- YOUR INSTRUCTIONS
Instruction for the entries below: return the part that opens with the line containing "另外一个值得注意的现象是,得" and closes with the line containing "今日の算数の時間は、数え棒を", exactly, and no pictures.

[[ GIVEN INFORMATION, beginning ]]

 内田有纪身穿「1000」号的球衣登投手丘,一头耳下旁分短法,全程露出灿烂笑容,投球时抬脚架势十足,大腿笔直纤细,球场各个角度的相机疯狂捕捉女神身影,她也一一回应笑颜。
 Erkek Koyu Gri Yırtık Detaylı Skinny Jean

[[ GIVEN INFORMATION, end ]]
[[ GIVEN INFORMATION, beginning ]]

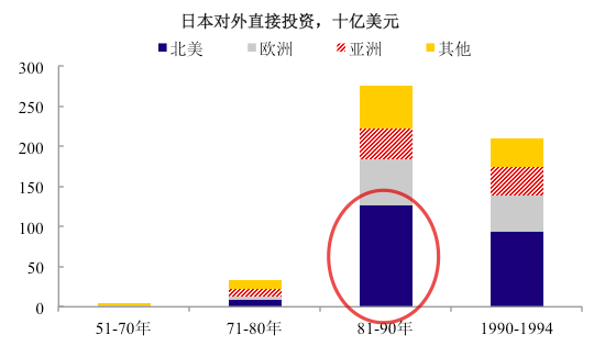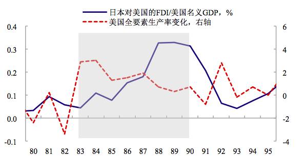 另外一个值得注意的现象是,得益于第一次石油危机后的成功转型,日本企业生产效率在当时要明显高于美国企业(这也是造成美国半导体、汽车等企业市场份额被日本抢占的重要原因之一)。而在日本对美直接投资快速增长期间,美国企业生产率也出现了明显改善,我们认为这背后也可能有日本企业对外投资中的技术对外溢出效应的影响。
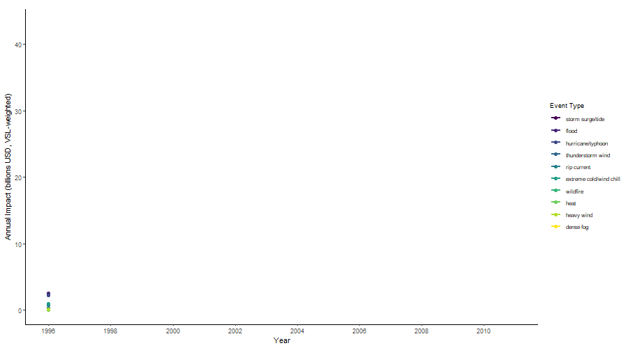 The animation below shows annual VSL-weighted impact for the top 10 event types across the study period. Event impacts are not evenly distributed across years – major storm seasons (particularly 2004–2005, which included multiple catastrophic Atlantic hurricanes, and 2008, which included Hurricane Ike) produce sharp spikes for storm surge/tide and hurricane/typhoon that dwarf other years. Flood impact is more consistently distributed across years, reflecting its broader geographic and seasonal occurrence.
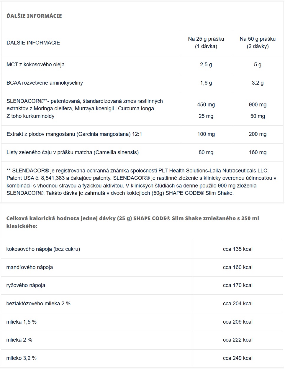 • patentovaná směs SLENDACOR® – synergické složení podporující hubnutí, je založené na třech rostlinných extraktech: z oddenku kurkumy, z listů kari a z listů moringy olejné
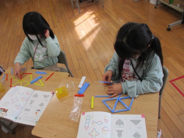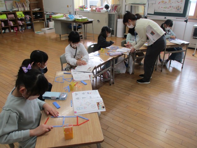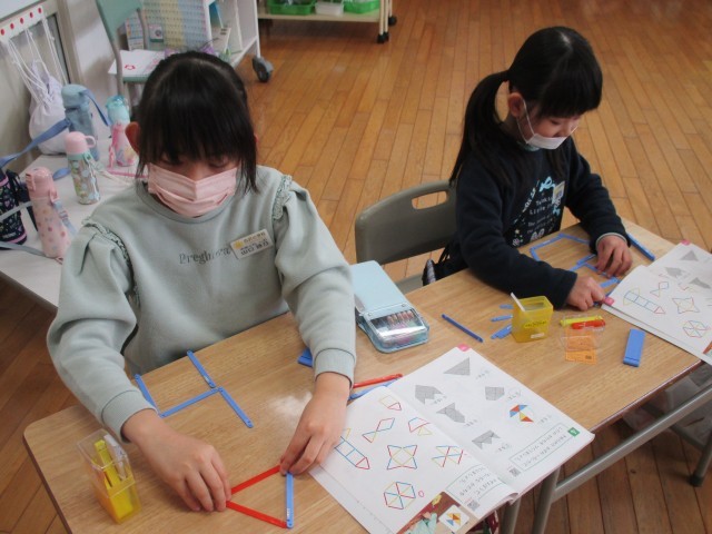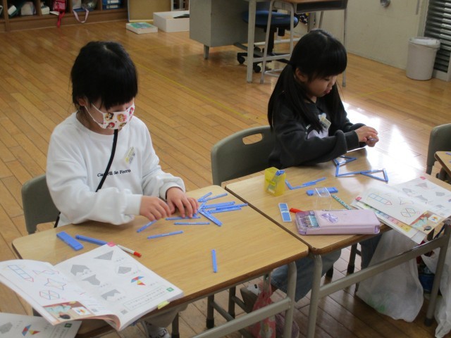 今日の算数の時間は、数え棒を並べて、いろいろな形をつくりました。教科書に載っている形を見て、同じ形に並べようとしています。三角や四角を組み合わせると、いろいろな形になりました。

[[ GIVEN INFORMATION, end ]]

- PROBLEM SOLUTION
 另外一个值得注意的现象是,得益于第一次石油危机后的成功转型,日本企业生产效率在当时要明显高于美国企业(这也是造成美国半导体、汽车等企业市场份额被日本抢占的重要原因之一)。而在日本对美直接投资快速增长期间,美国企业生产率也出现了明显改善,我们认为这背后也可能有日本企业对外投资中的技术对外溢出效应的影响。
 The animation below shows annual VSL-weighted impact for the top 10 event types across the study period. Event impacts are not evenly distributed across years – major storm seasons (particularly 2004–2005, which included multiple catastrophic Atlantic hurricanes, and 2008, which included Hurricane Ike) produce sharp spikes for storm surge/tide and hurricane/typhoon that dwarf other years. Flood impact is more consistently distributed across years, reflecting its broader geographic and seasonal occurrence.
 • patentovaná směs SLENDACOR® – synergické složení podporující hubnutí, je založené na třech rostlinných extraktech: z oddenku kurkumy, z listů kari a z listů moringy olejné
 今日の算数の時間は、数え棒を並べて、いろいろな形をつくりました。教科書に載っている形を見て、同じ形に並べようとしています。三角や四角を組み合わせると、いろいろな形になりました。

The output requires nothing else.